Overlays Capture Architecture
Providing a standardised global solution for deterministic semantics
The post-millennial generation has witnessed an explosion of captured data points which has sparked profound possibilities in both Artificial Intelligence (AI) and Internet of Things (IoT) solutions. This has spawned the collective realisation that society’s current technological infrastructure is simply not equipped to fully protect personally identifiable information (PII) or to entice corporations to break down internal data silos, streamline data harmonisation processes and ultimately resolve worldwide data duplication and storage resource issues.
The FAIR Data Principles (Wilkinson et al., 2016), a set of guiding principles to make data findable, accessible, interoperable and reusable, provide guidance for scientific data management and stewardship and are relevant to all stakeholders in the digital economy. In light of current data management deficiencies, Overlays Capture Architecture (OCA) was born in accordance with the FAIR principles and courtesy of practical knowledge and experience gained from managing data within the complex realm of clinical trials. This blog post provides an introduction to OCA, an architecture purposefully designed to act as a catalyst for data language unification and a seed component in the enablement of a new dynamic data economy (DDE).
The cognitive framework available for data management requirements across all industry sectors continues to be hampered by limitations to the foundational structure of currently deployed electronic capture solutions. In terms of schema design, OCA represents a schema as a multi-dimensional object consisting of a stable capture base and interoperable overlays. By introducing overlays as task-oriented linked data objects within the schema stack, OCA offers an optimal level of both efficiency and interoperability in alignment with FAIR principles. The architecture provides a stable infrastructure to facilitate seamless data harmonisation and interoperability processes, not only between internal departments and functions, but also between external companies working under a multi-layered governance framework as defined by, for instance, an industry consortium.
OCA: a cornerstone in a new Dynamic Data Economy
In terms of the creation of a fully-fledged DDE, we are still in the early turbulent stages of business, legal, technological and social innovation. To support a new paradigm of decentralised interactions, processes and practices such as de-identification, dissolution of corporate “walled-garden” storage, worldwide data harmonisation and single-source master data retrieval, new data-centric innovation is required. Despite these required revisions, one thing is for certain, civic society is heading into an era where siloed data ownership will be superseded by consented access to subsets of decentralised data. A new and finer understanding of how data is entered and captured in an ever-expanding and intrusive Internet continues to fuel a decentralisation movement consisting of active and passive identifiers to enable the interaction of authentic inputs and deterministic semantics beyond the confines of siloed data management solutions. The concept of self-determination regarding personal data is rapidly evolving in technological circles with the advancement of decentralised digital identity solutions.

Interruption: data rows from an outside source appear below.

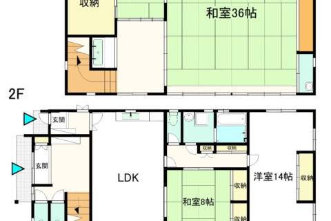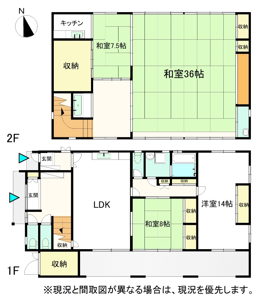 | 間取り詳細 | 1階 台所、風呂、トイレ(3カ所)、 その他(玄関2カ所)、和室8畳、洋室14畳 2階 台所 、納戸6畳 、洗面、和室7.5畳・36畳 |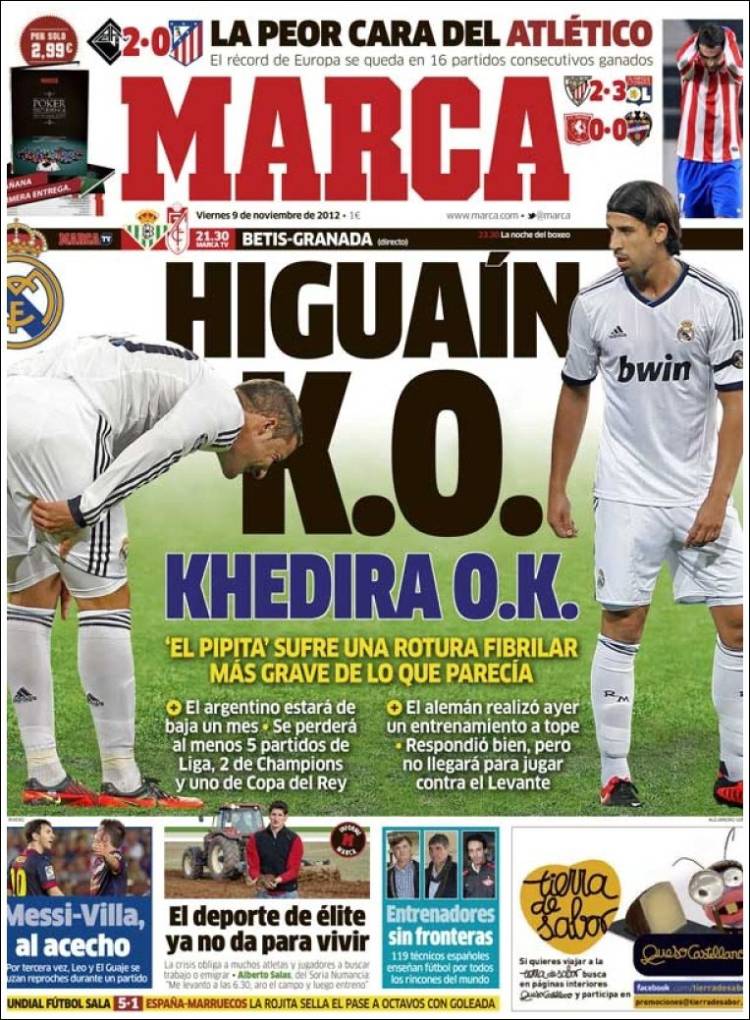 MARCA HIGUAIN KHEDIRA – Sul quotidiano Marca si parla di Higuain infortunato e Khedira che invece è ok fisicamente.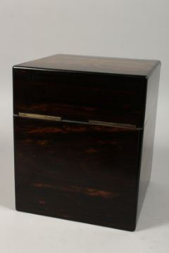 A VICTORIAN COROMANDEL CASED DECANTER BOX with three cut glass square decanters. 8ins wide.

If decentralised digital identity establishes whether or not data inputs can be trusted as having come from an authentic source under the governance of an entity, decentralised semantics ensure that the contextual meaning of inputted data remains intelligible for all interacting actors. It is within the context of these two domains that informed consent can be defined for auditing data portability in a DDE and OCA is the catalyst to enable consensual data flows.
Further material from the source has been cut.